Information provided below:

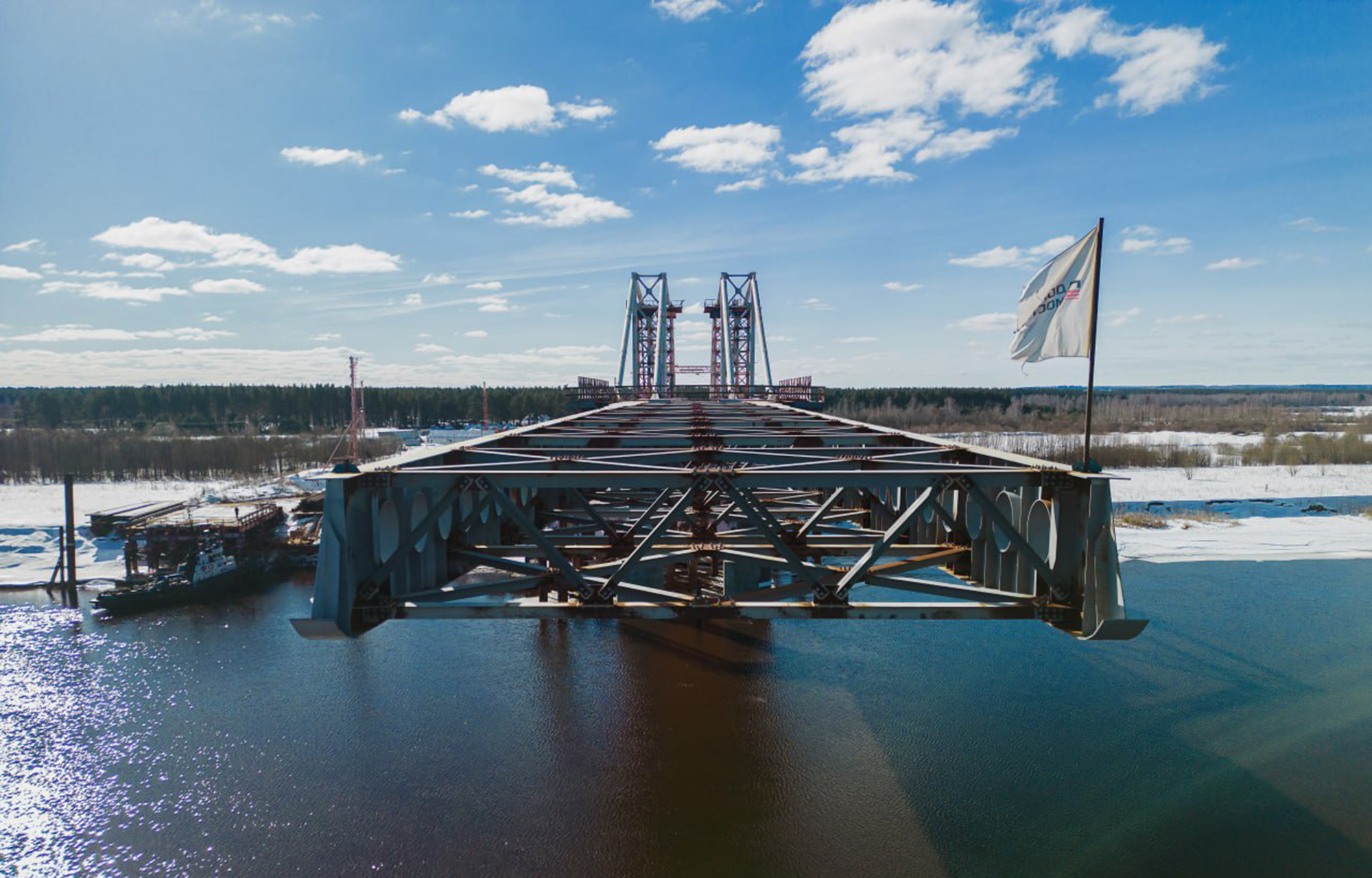 В Тверской области продолжается реализация одного из ключевых инфраструктурных проектов – строительство Северного обхода Твери. Его самым крупным и технически сложным объектом является мост через Волгу протяжённостью 738 метров. Пролёт сооружения в данный момент уже установлен над руслом реки – завершён четвертый этап надвижки пролётного строения.
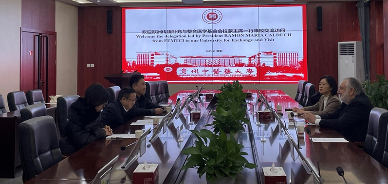El pasado día 18 de noviembre, una delegación de la Fundación Europea de Medicina Tradicional, Complementaria e Integrativa (FEMTCI) mantuvo un encuentro institucional con los máximos representantes de la Universidad de MTC de Guizhou en las instalaciones de la propia universidad, en la ciudad de Guiyang. La reunión se desarrolló en un clima de colaboración y entendimiento mutuo, con el objetivo de profundizar en los lazos académicos y culturales entre ambas instituciones y que dicha universidad se sume al proyecto que la FEMTCI está impulsando con más de 20 universidades de MTC de China, en el ámbito de la Medicina Tradicional China (MTC).
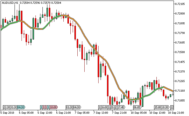The Mogalef bands Metatrader 5 forex indicator takes into account the market environment when making future projections of the high, median and low levels of the most probable price range.
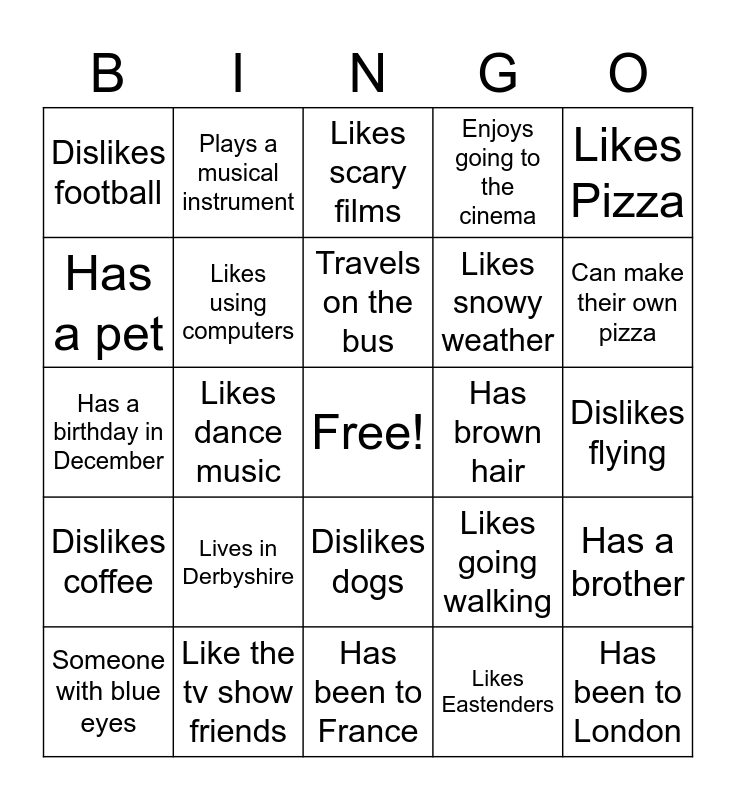 This bingo card has a free space and 24 words: Someone with blue eyes, Lives in Derbyshire, Travels on the bus, Likes Eastenders, Likes Pizza, Dislikes football, Plays a musical instrument, Likes scary films, Has brown hair, Dislikes flying, Has a birthday in December, Likes using computers, Likes going walking, Has a brother, Has a pet, Like the tv show friends, Has been to France, Enjoys going to the cinema, Can make their own pizza, Dislikes coffee, Likes dance music, Dislikes dogs, Likes snowy weather and Has been to London.
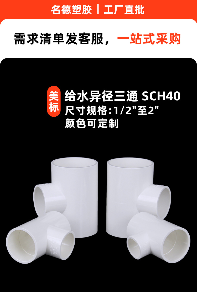 Трансграничные Amazon горячие продажи США стандарт UPVC питательной воды с диаметром тройник SCH40 переменная диаметр тройник питательной воды аксессуары
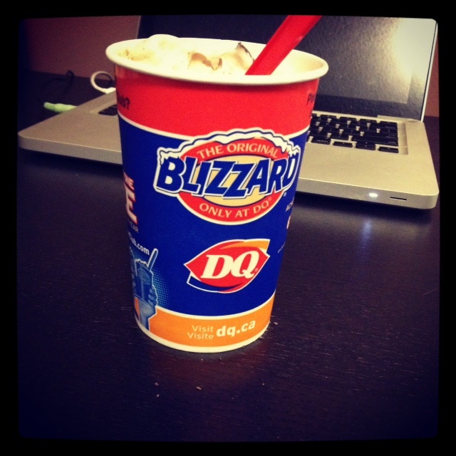Last night, I had a meltdown. A what the hell is happening with my life type of meltdown. I just lost motivation to go to the gym, didn’t want to get out of bed, socialize…..NOTHING. So of course, when Tyler got home I started bawling my eyes out. I got snotty. I know now that Tyler really REALLY loves because he wiped my snot WITH HIS BARE HAND. I shudder at the thought. After the crying conundrum, Tyler and I went to DQ where I picked up this bad boy:
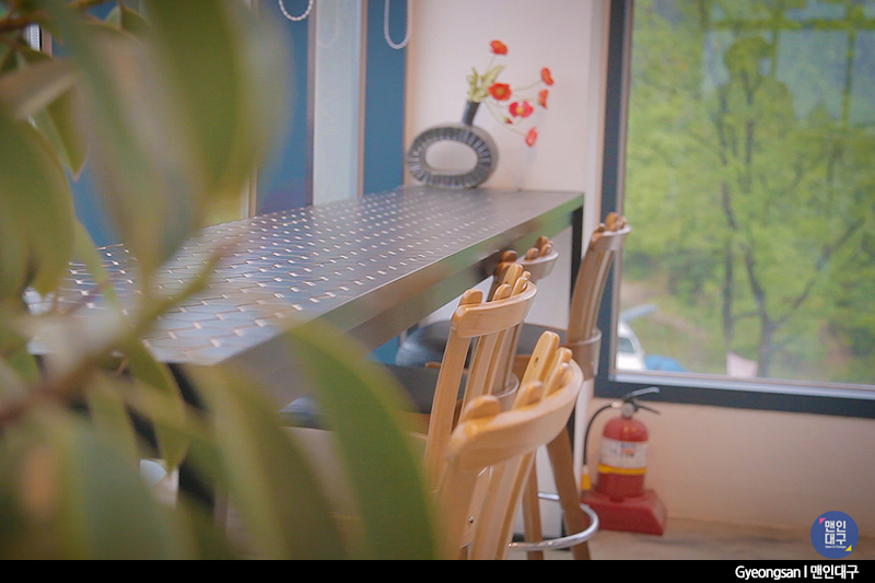 #아메리카노, #카페라떼, #티라미수 달달한 디저트를 먹으며 바라본 창밖은 온통 녹색. 그리스처럼 바다가 보이면 좋을 텐데, 경산은 내륙지역이라 카페 주변은 산으로 둘러싸여 있어요. 비록 바다가 아닌 산이지만, 그래도 휴식을 취하며 바라보는 창밖은 나름의 운치가 있어요.
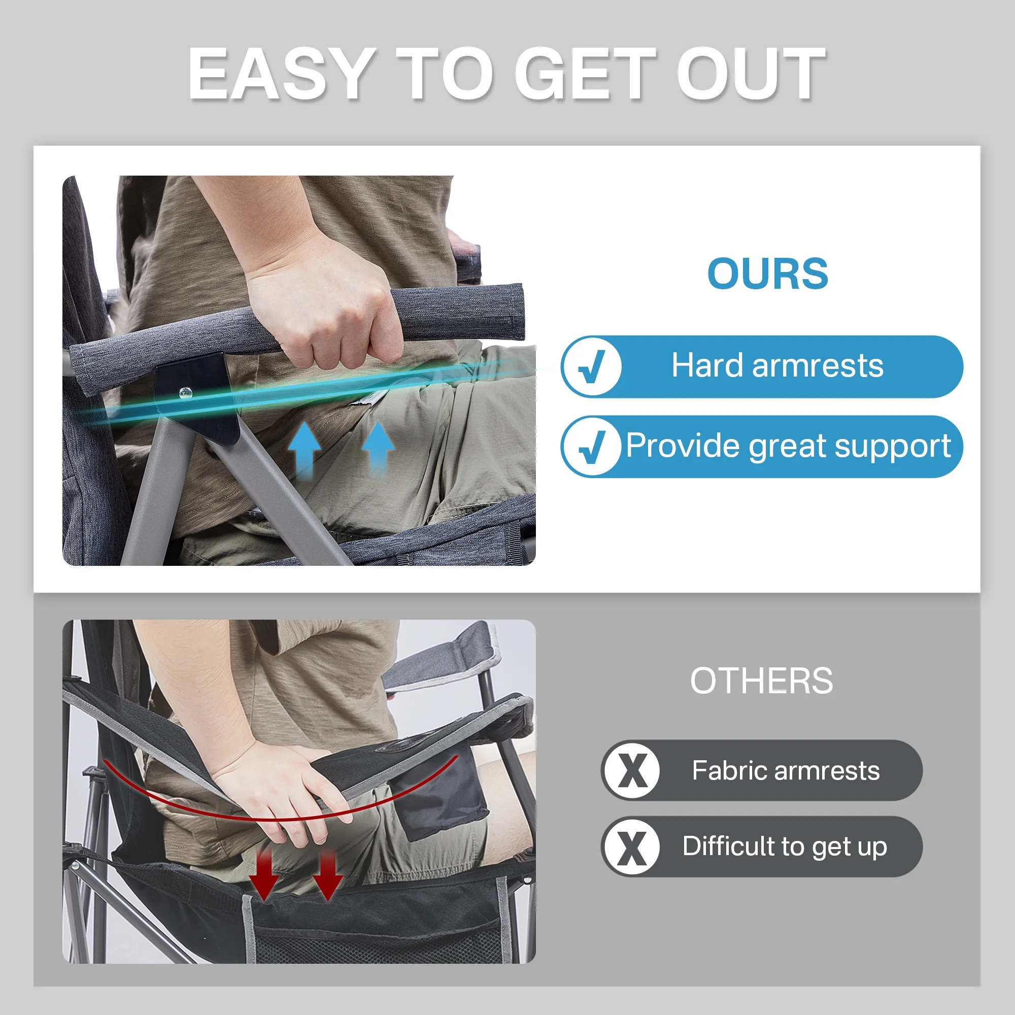 Padded Folding Rocking Camping Chair, Portable Oversized Rocker for Patio and Outdoors, Heavy Duty for Adults, Supports 400 lbs, Steel, Grey
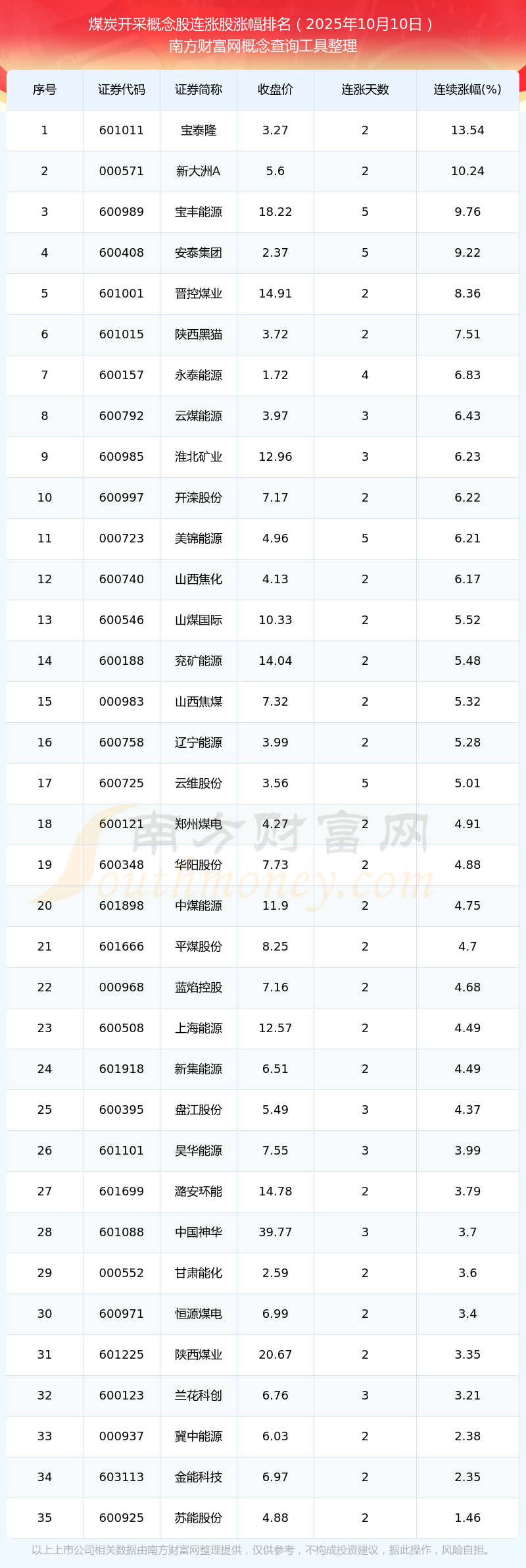 2025年10月10日煤炭開(kāi)采概念股連漲股票漲幅排名
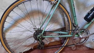 Bicicletta Bianchi anni ‘70 – Perfettamente conservata, tutta originale. La bici è completamente originale in ogni sua parte, ideale per appassionati di ciclismo vintage. Dettagli: Telaio taglia 54; Cambio Campagnolo Valentino Extra; Guarnitura già rapportata da salita; Manubrio 3ttt (3T) originale; Freni con pattini nuovi; Cerchi Nisi - copertoni Vittoria utilizzati una sola volta (per L’Eroica). Sella in camoscio in perfette condizioni; Porta-borraccia con le fascette dell'epoca e borraccia Bianchi. Extra inclusi: Coppia di tubolari aggiuntivi. La bicicletta è pronta all’uso, perfetta per eventi storici come L’Eroica . Prezzo trattabile.
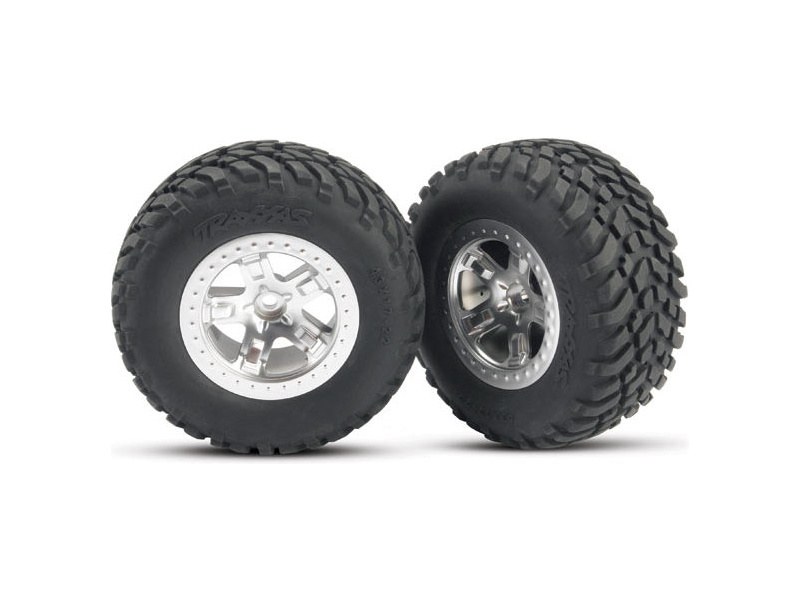 Kompletní přední kola pro 2WD auta Traxxas Slash. Saténový disky s nalepenými pneumatikami Off-Road a vložkou. Rozměr disku 61/81x42 mm. Celkový rozměr 110x46 mm. Unašeč je šestihran 12mm s offsetem 22 mm.

End of Information provided.

▶ _Required work_
Your job is to transcribe the records exactly and in full. Pictures are not part of the copy.

▶ _Output for this task_
 В Тверской области продолжается реализация одного из ключевых инфраструктурных проектов – строительство Северного обхода Твери. Его самым крупным и технически сложным объектом является мост через Волгу протяжённостью 738 метров. Пролёт сооружения в данный момент уже установлен над руслом реки – завершён четвертый этап надвижки пролётного строения.
El pasado día 18 de noviembre, una delegación de la Fundación Europea de Medicina Tradicional, Complementaria e Integrativa (FEMTCI) mantuvo un encuentro institucional con los máximos representantes de la Universidad de MTC de Guizhou en las instalaciones de la propia universidad, en la ciudad de Guiyang. La reunión se desarrolló en un clima de colaboración y entendimiento mutuo, con el objetivo de profundizar en los lazos académicos y culturales entre ambas instituciones y que dicha universidad se sume al proyecto que la FEMTCI está impulsando con más de 20 universidades de MTC de China, en el ámbito de la Medicina Tradicional China (MTC).
The Mogalef bands Metatrader 5 forex indicator takes into account the market environment when making future projections of the high, median and low levels of the most probable price range.
 This bingo card has a free space and 24 words: Someone with blue eyes, Lives in Derbyshire, Travels on the bus, Likes Eastenders, Likes Pizza, Dislikes football, Plays a musical instrument, Likes scary films, Has brown hair, Dislikes flying, Has a birthday in December, Likes using computers, Likes going walking, Has a brother, Has a pet, Like the tv show friends, Has been to France, Enjoys going to the cinema, Can make their own pizza, Dislikes coffee, Likes dance music, Dislikes dogs, Likes snowy weather and Has been to London.
 Трансграничные Amazon горячие продажи США стандарт UPVC питательной воды с диаметром тройник SCH40 переменная диаметр тройник питательной воды аксессуары
Last night, I had a meltdown. A what the hell is happening with my life type of meltdown. I just lost motivation to go to the gym, didn’t want to get out of bed, socialize…..NOTHING. So of course, when Tyler got home I started bawling my eyes out. I got snotty. I know now that Tyler really REALLY loves because he wiped my snot WITH HIS BARE HAND. I shudder at the thought. After the crying conundrum, Tyler and I went to DQ where I picked up this bad boy:
 #아메리카노, #카페라떼, #티라미수 달달한 디저트를 먹으며 바라본 창밖은 온통 녹색. 그리스처럼 바다가 보이면 좋을 텐데, 경산은 내륙지역이라 카페 주변은 산으로 둘러싸여 있어요. 비록 바다가 아닌 산이지만, 그래도 휴식을 취하며 바라보는 창밖은 나름의 운치가 있어요.
 Padded Folding Rocking Camping Chair, Portable Oversized Rocker for Patio and Outdoors, Heavy Duty for Adults, Supports 400 lbs, Steel, Grey
 2025年10月10日煤炭開(kāi)采概念股連漲股票漲幅排名
 Bicicletta Bianchi anni ‘70 – Perfettamente conservata, tutta originale. La bici è completamente originale in ogni sua parte, ideale per appassionati di ciclismo vintage. Dettagli: Telaio taglia 54; Cambio Campagnolo Valentino Extra; Guarnitura già rapportata da salita; Manubrio 3ttt (3T) originale; Freni con pattini nuovi; Cerchi Nisi - copertoni Vittoria utilizzati una sola volta (per L’Eroica). Sella in camoscio in perfette condizioni; Porta-borraccia con le fascette dell'epoca e borraccia Bianchi. Extra inclusi: Coppia di tubolari aggiuntivi. La bicicletta è pronta all’uso, perfetta per eventi storici come L’Eroica . Prezzo trattabile.
 Kompletní přední kola pro 2WD auta Traxxas Slash. Saténový disky s nalepenými pneumatikami Off-Road a vložkou. Rozměr disku 61/81x42 mm. Celkový rozměr 110x46 mm. Unašeč je šestihran 12mm s offsetem 22 mm.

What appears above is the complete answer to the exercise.